------ Supplied records

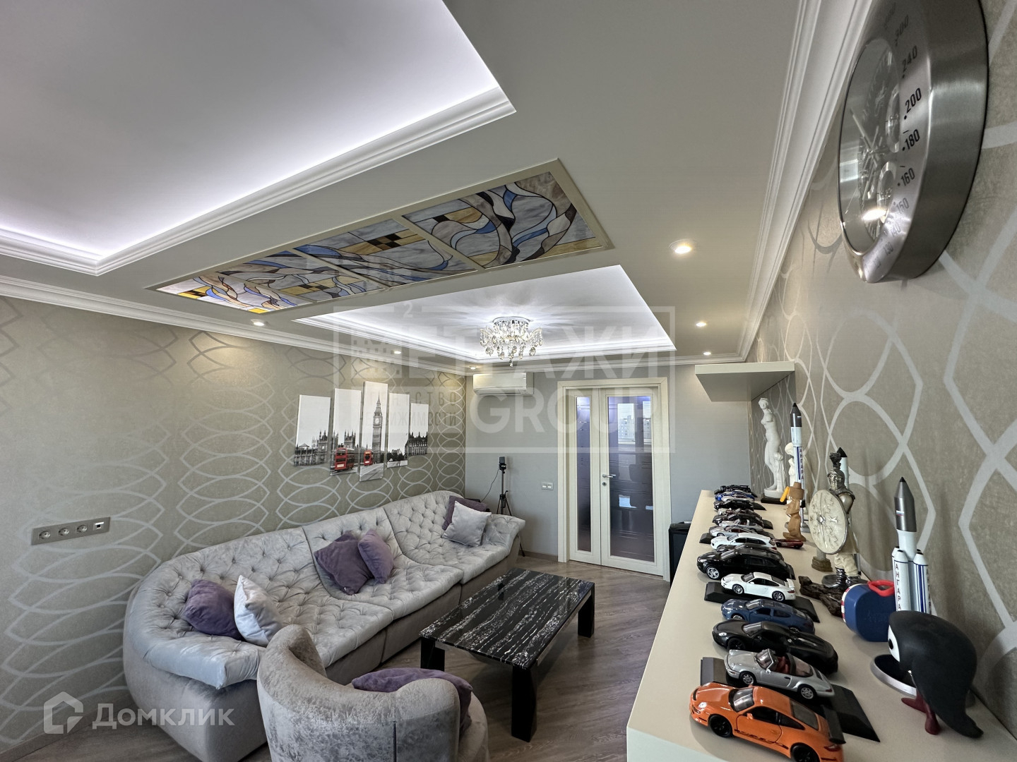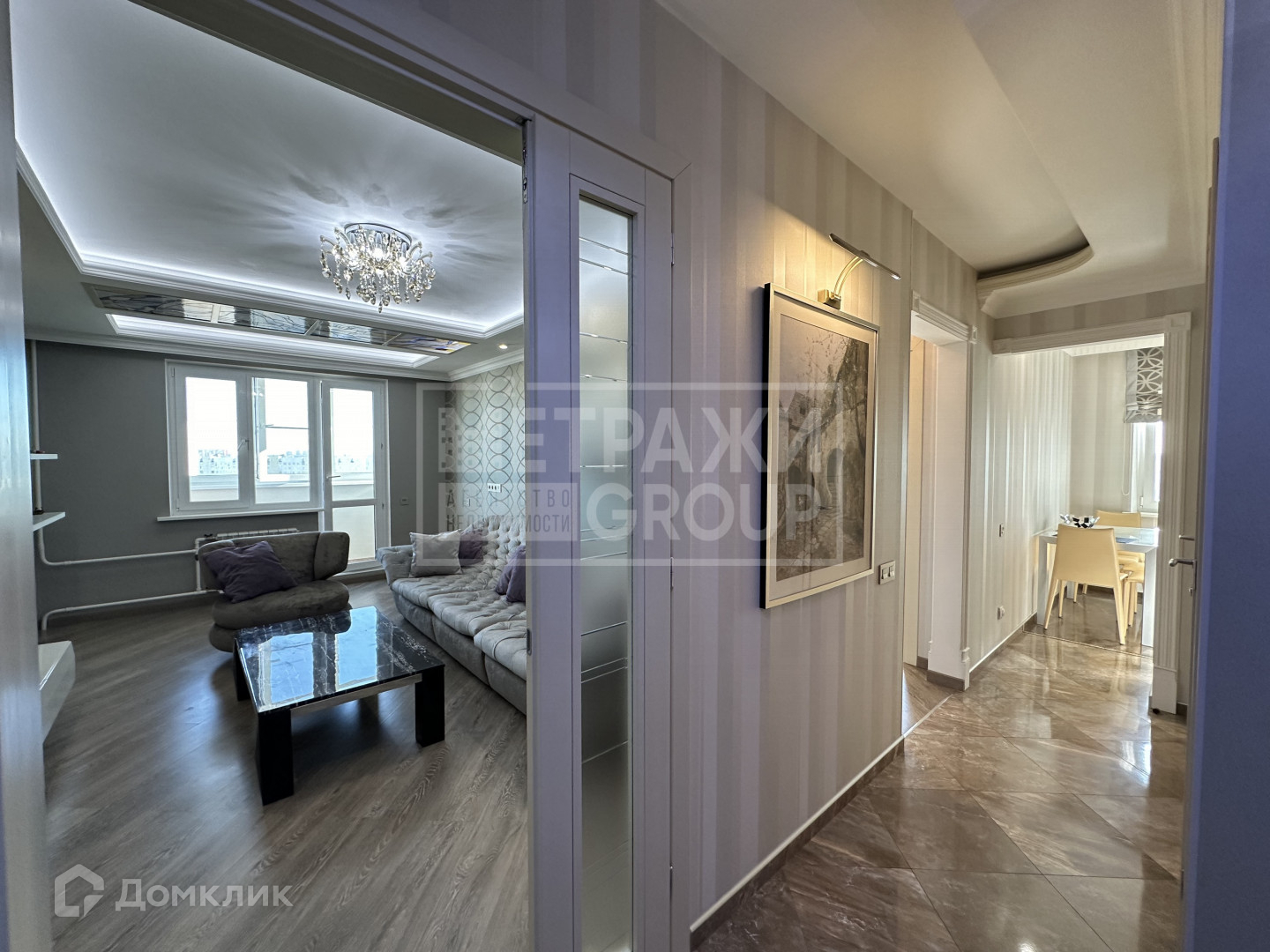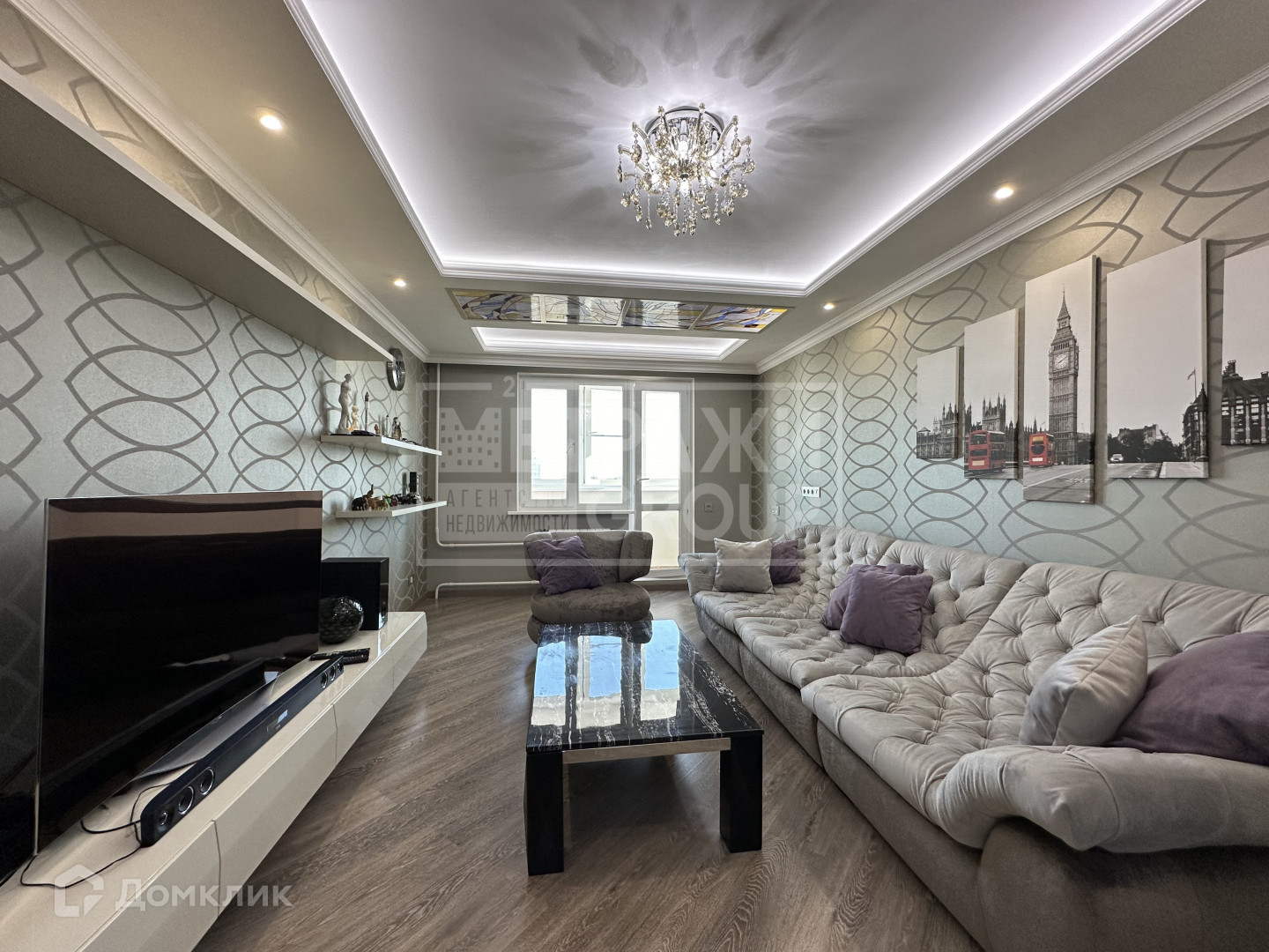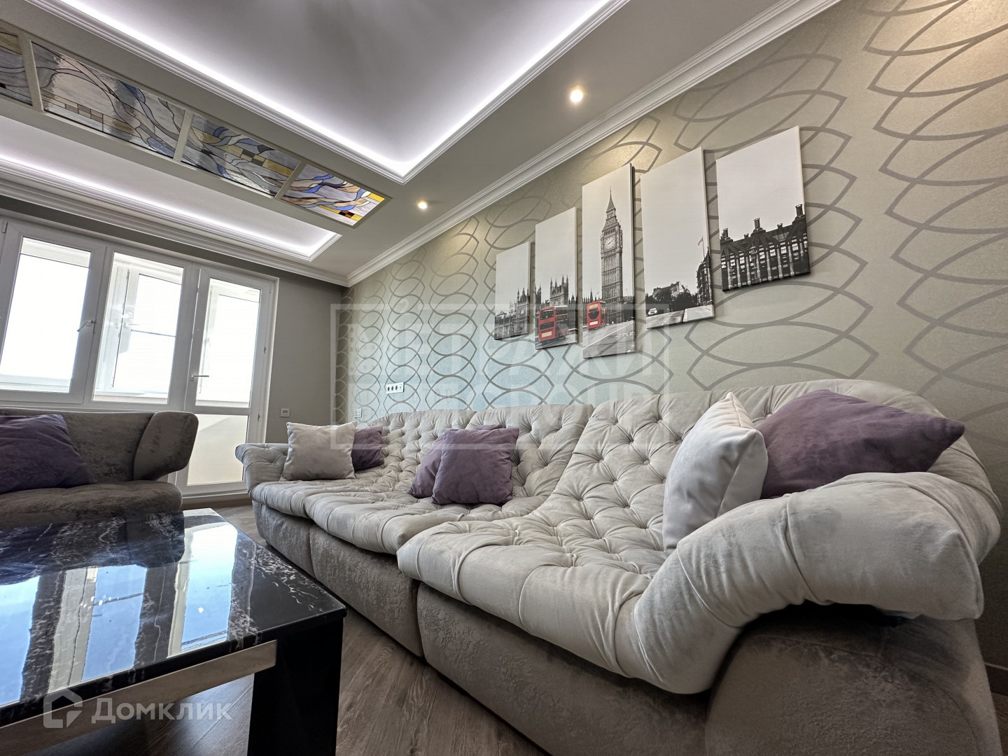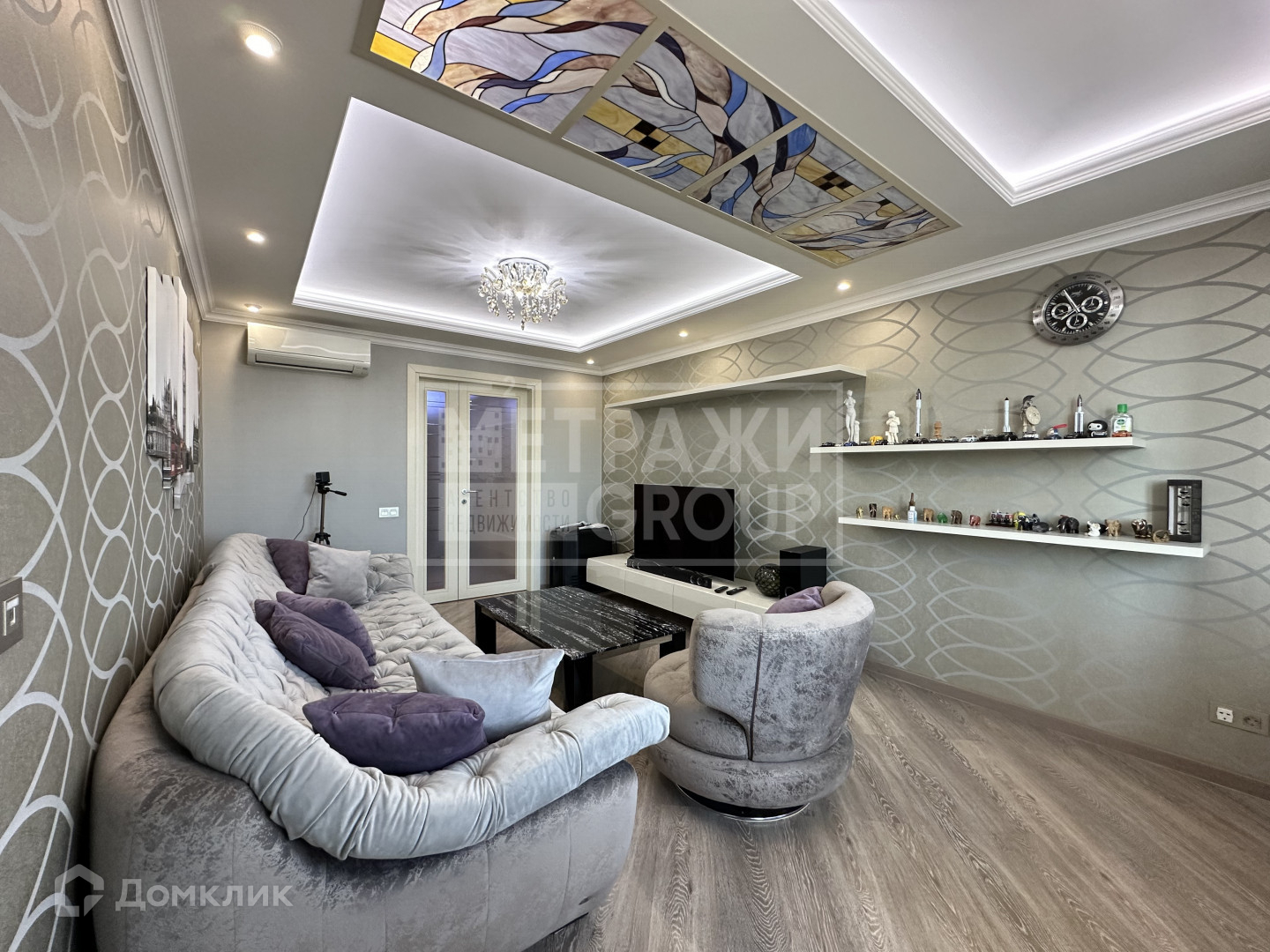 Общая площадь квартиры 65,2 кв.метров. Просторная уютная гостиная 18 кв.метров с мягким диваном и телевизором для проведения отдыха, красивый дизайнерский витраж на потолке, кондиционер, с выходом на застекленную лоджию (полы с подогревом).
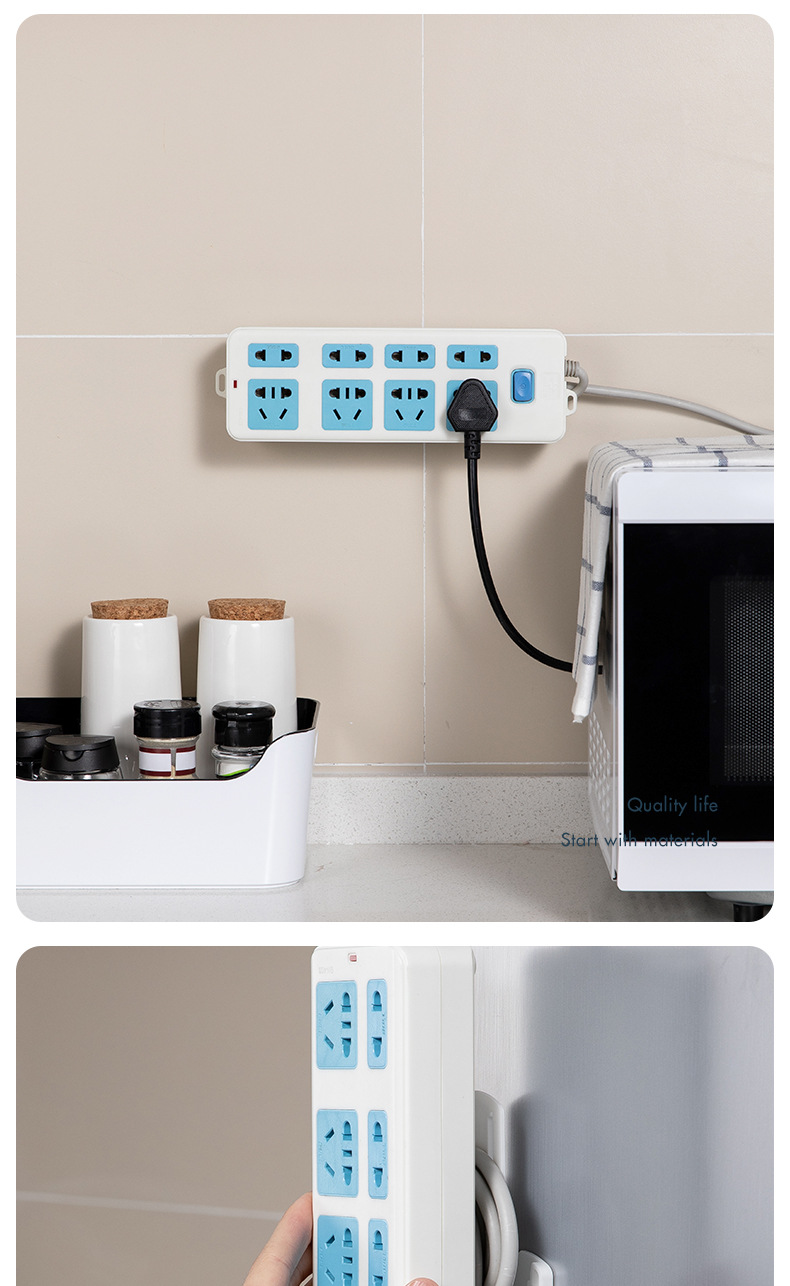 Row plug holder etiqueta de la pared colgante de almacenamiento sin fisuras fila Punch-free plug Board socket colgante de pared adhesivo
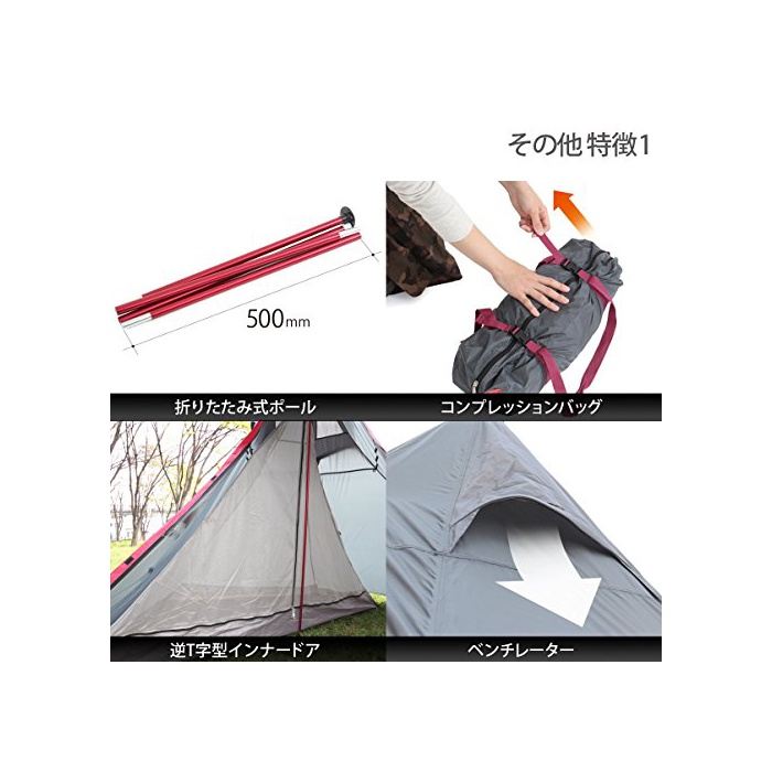 DOPPELGANGER(DOPPEL GANGER) 아웃도어 라이더의 원 폴 텐트 투어링(touring) 사양 50㎝ 수납 테이블이 쓰이는 전실 T1-442
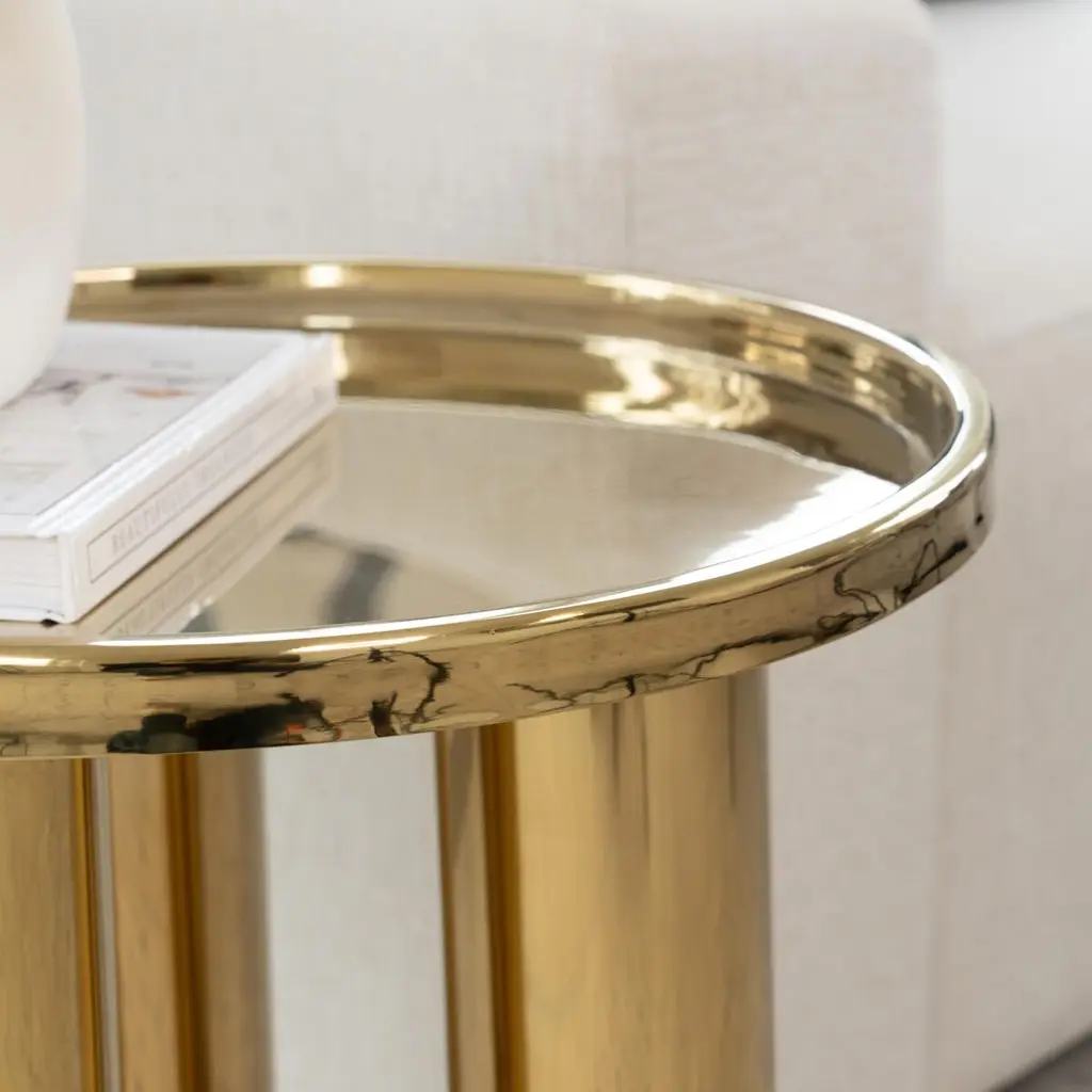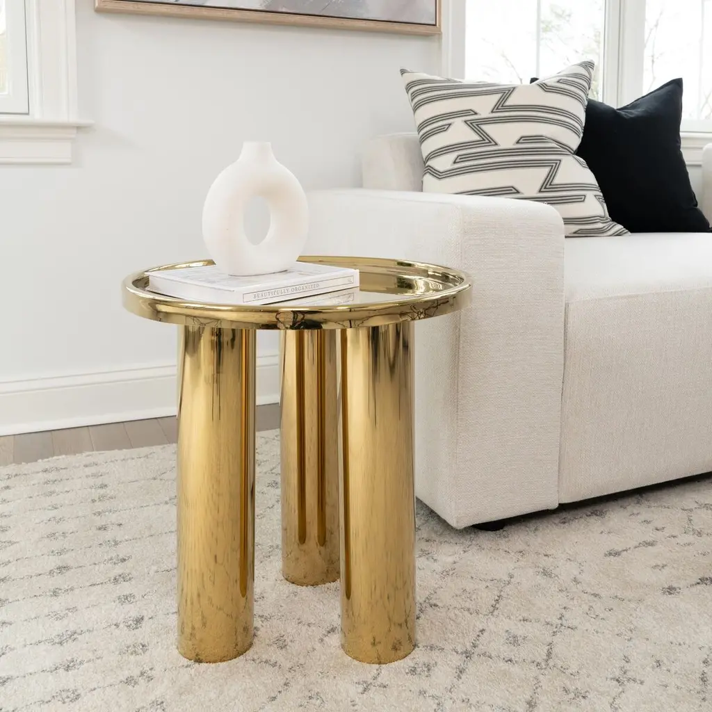 With its round trey top, three inset cylindrical legs and hand-applied finish, the Starla End Table effortlessly blends contemporary style with unbeatable strength and meticulous craftsmanship.
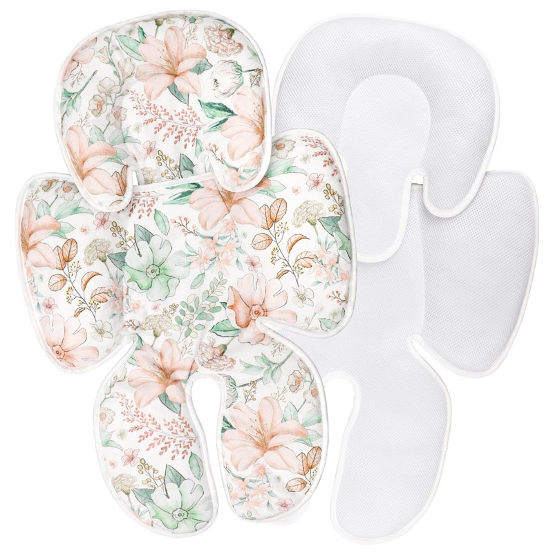 CARUILI 2-in-1 Reversible Infant Car Seat Insert, Ultra Breathable Newborn Car Seat Head Support for Summer, Baby Car Seat Cushion for Swing, Stroller, Bouncer, Floral Pattern

------------

Reproduce only the lines of the records from the start up to and including the line that holds "Row plug holder"; do not carry over any picture.

**Output for this exercise**
 Общая площадь квартиры 65,2 кв.метров. Просторная уютная гостиная 18 кв.метров с мягким диваном и телевизором для проведения отдыха, красивый дизайнерский витраж на потолке, кондиционер, с выходом на застекленную лоджию (полы с подогревом).
 Row plug holder etiqueta de la pared colgante de almacenamiento sin fisuras fila Punch-free plug Board socket colgante de pared adhesivo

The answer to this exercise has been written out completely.